NASHVILLE, Tenn. (WTVF) — Restaurants owned by minorities are getting some extra foot traffic in East Nashville thanks to crowdfunding by Seat At The Table 615.
"Basically, we identify a restaurant to support and leading up to the weekend we crowdsource a bunch of money, a bank of money to use to support that restaurant, and then on the days identified we use that money to reimburse people for their meals as long as they come to the restaurant and post about it on social media," said Tyler King owner of Seat At The Table 615.
The Cake Project at The Shoppes on Fatherland was the focus of a Seat At The Table 615 campaign.
"We were experiencing this whole COVID situation and we weren't getting a lot of traffic in the area, so it was a really cool, good feeling," said JP Smith.
Smith said there was a line out the door of his business the weekend Seat At The Table 615 featured his cheesecake business.
"I don't think I've [ever] had a weekend with so many people coming in," Smith said.
Campaigns have also brought people to 615 Chutney, Far East and Slow Burn.
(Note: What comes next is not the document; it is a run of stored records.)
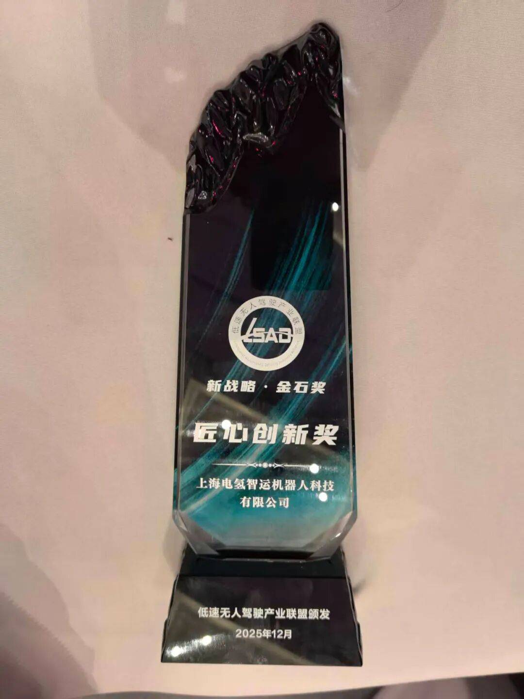 2025年12月19日,在武汉举行的 “2025低速无人驾驶行业发展年会” 上,上海电氢智运机器人科技有限公司 凭借其创新产品 “无人驾驶运载机器人”,荣获行业权威奖项——“新战略·金石奖—年度匠心创新奖”。
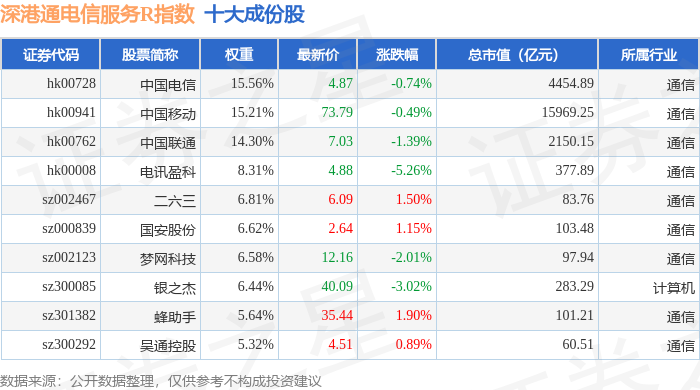 深港通电信服务R(483057)指数十大成份股详情如下:
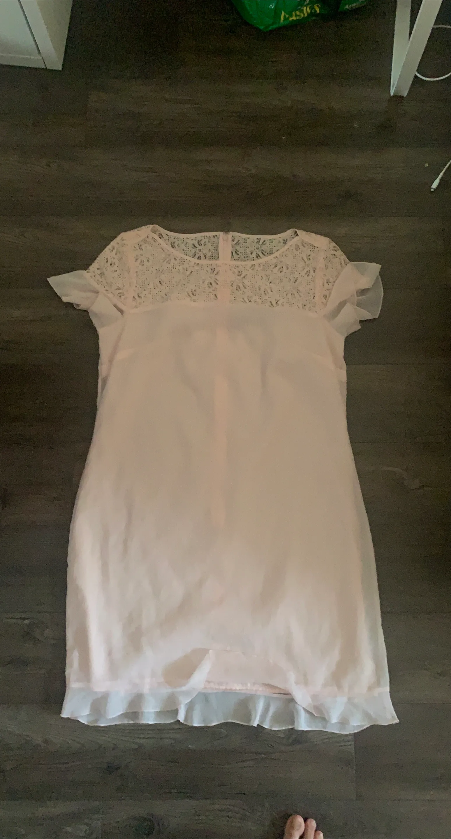 Light pink dress featuring a delicate lace yoke and cap sleeves with ruffled detailing. The main body is a smooth fabric with a sheer ruffled hem. It's perfect for dressing up for an event. Zipper closure at the back.
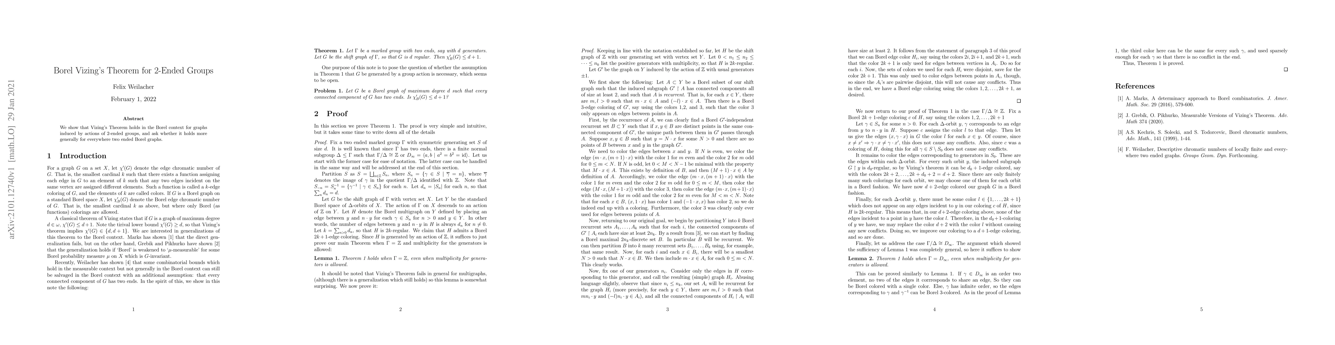 Summary: This paper demonstrates that Vizing's Theorem applies to Borel graphs derived from the actions of 2-ended groups and explores the possibility of its broader applicability to everywhere two-ended Borel graphs.

"They are BIPOC-owned - Black, Indigenous and People Of Color, and they're based out of East Nashville. Right now, we're solely focused on East Nashville. Ultimately we'll expand it to the whole city, but right now we've got a good community, a good environment here, so we're growing with the community that we know," King said.
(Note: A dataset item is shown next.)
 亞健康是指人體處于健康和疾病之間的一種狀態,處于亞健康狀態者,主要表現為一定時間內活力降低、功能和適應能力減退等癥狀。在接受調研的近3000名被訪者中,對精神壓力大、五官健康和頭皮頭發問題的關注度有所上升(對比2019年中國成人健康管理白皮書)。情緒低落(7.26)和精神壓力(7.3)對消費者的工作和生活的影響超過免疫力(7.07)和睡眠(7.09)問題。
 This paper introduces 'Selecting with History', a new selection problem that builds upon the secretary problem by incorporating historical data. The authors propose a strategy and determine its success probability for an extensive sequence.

Tagging the businesses on social media is key to the success of these campaigns.
"That social media exposure exposes a different audience that maybe they didn't have before. So there's the big burst of energy right there that weekend and hopefully some sustained growth over time," King said.
Social media users that go to the highlighted restaurant and tag the featured restaurant are paid out of the fund.